The blogosphere lit up this last week with posts about “pit to distress” (see here, and here), the practice of administering the maximum dose of Pitocin (synthetic oxytocin) to a laboring women until the baby shows signs of distress. Such overuse (and misuse) of Pitocin in labor raises the risk of cesarean, traumatic vaginal delivery, and other negative outcomes. Yet induction and augmentation with Pitocin is virtually unquestioned by birthing mothers and their medical providers.

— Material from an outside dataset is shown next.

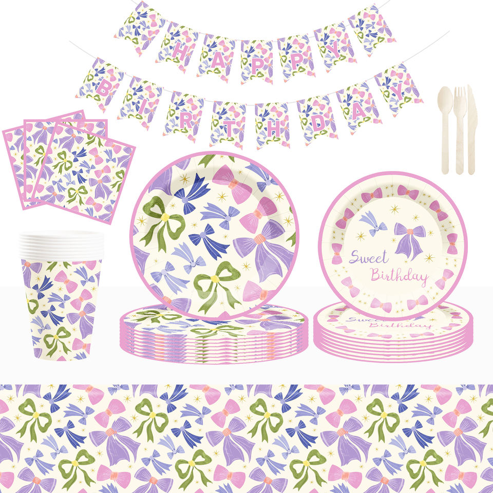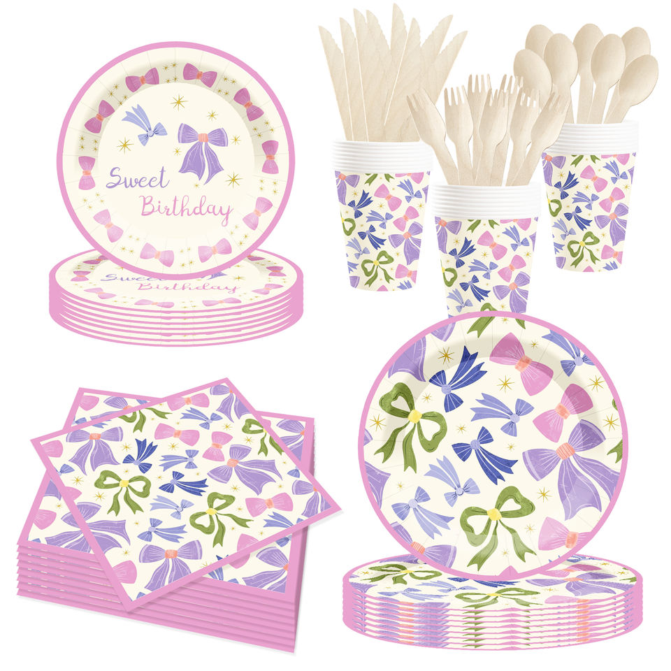 ชุดอุปกรณ์จัดงานเลี้ยงวันเกิด DAMAI ลายโบว์น่ารัก จานกระดาษ แก้วกระดาษ ผ้าเช็ดปาก ที่เสียบเค้ก ผ้าปูโต๊ะ ป้ายตกแต่ง

This week’s announcement of Ohio’s largest jury award for medical malpractice tragically illustrates this problem. The jury awarded a family $31 million in compensation for their son’s severe cerebral palsy brought on by a uterine rupture during a mismanaged VBAC labor. The complaint cited the continued use of Pitocin despite the hyperstimulation of the mother’s uterus as demonstrated by an inappropriate contraction pattern. Although some might point to the VBAC labor itself as the cause, in fact the misuse of Pitocin in this case is most likely to blame for the rupture and ensuing disability. Use of Pitocin in VBAC labor is known to increase the likelihood of uterine rupture.

Such heartbreaking incidents highlight the need for reform in current maternity practices. Many routine obstetric interventions are not based on the best available evidence and increase risk rather than safety for mothers and babies. In addition, care providers frequently do not proivde women with full, informed consent/refusal about all interventions, despite ethical and legal mandates to do so.

In light of this reality, women who are pregnant or planning to become pregnant should educate themselves about routine obstetric interventions, such as induction/augmentation of labor with Pitocin and consider the risks/benefits for themselves and their babies. Doing so should influence decisions about type of provider, model of care, and place of birth.